Introduction
Introduction Statistics Contact Development Disclaimer Help
# taz.de -- Arte-Dokudrama zu Olympia 1936: Was für ein Albtraum
> Das Dokudrama „Der Traum von Olympia – Die Nazi-Spiele von 1936“ nervt
> leider mit schlimmen Dialogen und spröder Erzählweise.
Bild: Carl Diem (Christian Hockenbrink, l.) warnt den „Halbjuden“ Wolfgang …

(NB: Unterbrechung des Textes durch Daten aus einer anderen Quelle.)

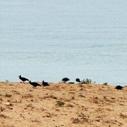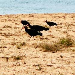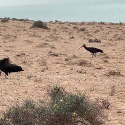 Für den gefiederten Gesellen fahren wir nochmals 50 km südlicher in de Park, nach Sidi Tabat, wo wir uns sagen lassen müssen, dass der Waldrapp in nördlicher Richtung, in der Nähe von Douira gesichtet wurde, das deckt sich denn auch mit den aktuellsten Angaben von Cris und Ruedi, die uns eben ein Update via Whatsapp geschickt haben. Also los, direkt über die Küstensandstrasse. Und plötzlich erblicken wir eine Vogelkolonie über unseren Köpfen, charakteristisch, die typischen Ibisschnäbel. Gleich vor uns setzt sich der Schwarm von ca. 200 Tieren ab, um im Schreitmarsch zur Nahrungsaufnahme überzugehen und das direkt vor unseren Augen. Was für ein Glück!
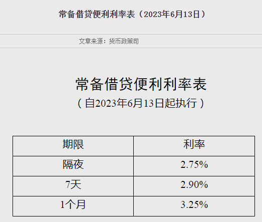 6月13日,央行下调常备借贷便利利率,隔夜期下调10个基点至2.75%,7天期下调10个基点至2.9%,1个月期下调10个基点至3.25%。
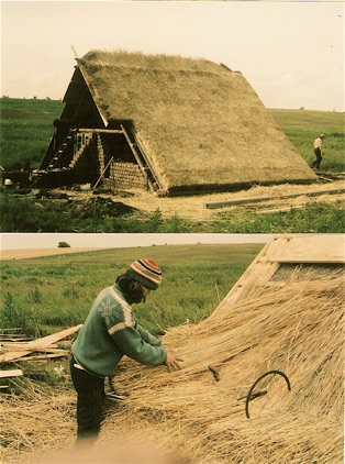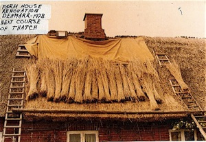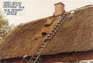 New chimney and thatch repair on a farmhouse from the late 1800’s in Denmark -1978
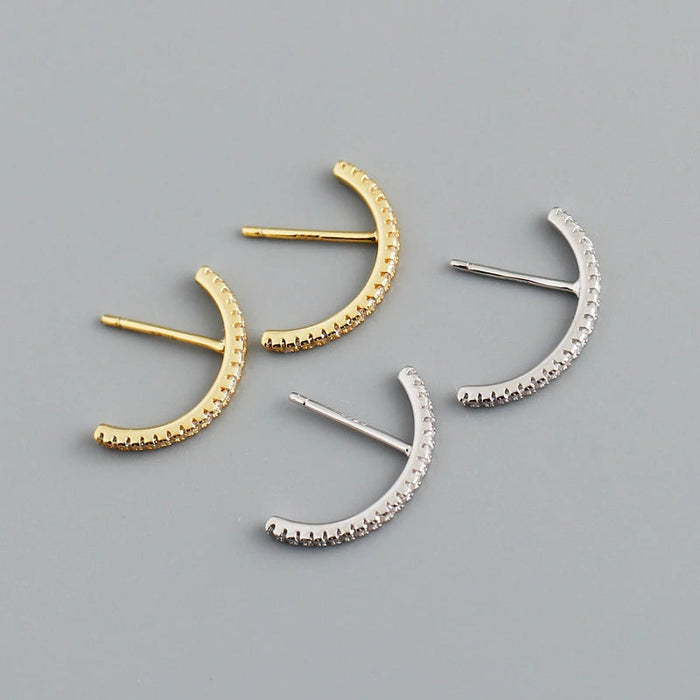 ANYCO Earrings Sterling Silver Chic Line Zircon Curved Stud For Women Girl Teen Fashion Stylish Accessories Jewelry Gifts
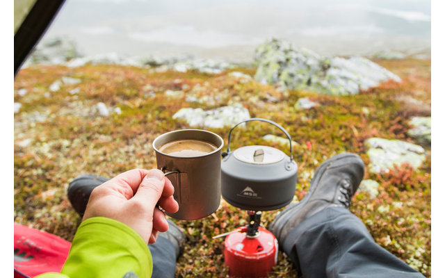 Dieser besonders leichte Teekessel aus Aluminium besticht durch seine Präzisions-Gießtechnologie und erzeugt dichten, gezielten Wasserdampf, der genau richtig ist, um die perfekte Tasse Kaffee zu erzeugen. Auch für Trinkgefäße mit kleiner Öffnung geeignet. Dank der tropfenfreien Tülle bleibt das Geschirr sauber. Der Deckel rutscht beim Gießen nicht weg und lässt sich dennoch einfach abnehmen. Der Griff bleibt ebenfalls aufrecht, vom heißen Kessel weg gerichtet und ist nicht zu heiß zum Anfassen. Die breite Öffnung des Teekessels erleichtert das Reinigen und ermöglicht das Verstauen eines kleinen Kochers und anderer Dinge im Inneren. Besonders für Grammzähler unter den Abenteurern geeignet, denn der Kessel ist ideal zum Aufkochen von Tütennahrung.
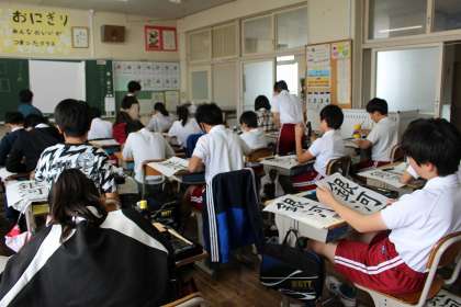 書写では、部分の組み立て方に気を付けながら「銀河」を書きました。
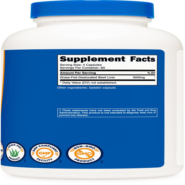 Nutricost's desiccated beef liver is grass-fed, pasture raised, free-range, non-gmo, no-hormones added beef liver from Argentina Cows. Each capsule contains 750mg for a 4 capsule serving of 3000mg. There are 240 capsules per bottle (60 servings). Nutricost, located and headquartered in the USA, only uses the best ingredients to ensure maximum quality and to help you feel your best! By keeping our supplement recipes simple and clean, you get the best experience possible with Nutricost. Our supplements are manufactured in a GMP-compliant and FDA-registered facility; and each batch of every product is tested by independent, ISO-accredited laboratories.
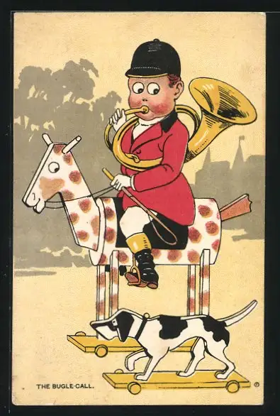 AK The Bugle-Call, Jäger auf Holzpferd ruft seinen Hund per Horn
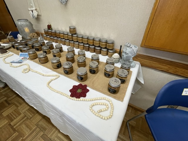 Finalement, il y avait une vendeuse de bougies fait maison. Je me demande si vous reconnaissez l’objet dans lequel les grandes bougies restent debout. Ne me dites pas que c’est un bloc de bois. Évidemment, mais pas seulement.

„Völker! Seid des Volkes Gäste, kommt durchs offne Tor herein! Friede sei
dem Völkerfeste! Ehre soll der Kampfspruch sein.“ So hieß es in der Hymne
zu den Olympischen Sommerspielen 1936 in Berlin. Gastfreundlich, offen,
friedlich – so wollte und sollte sich das Deutsche Reich für zwei Wochen im
August präsentieren. Das von Spiegel TV produzierte Dokudrama „Der Traum
von Olympia – Die Nazi-Spiele von 1936“ setzt sich jetzt – zum 80.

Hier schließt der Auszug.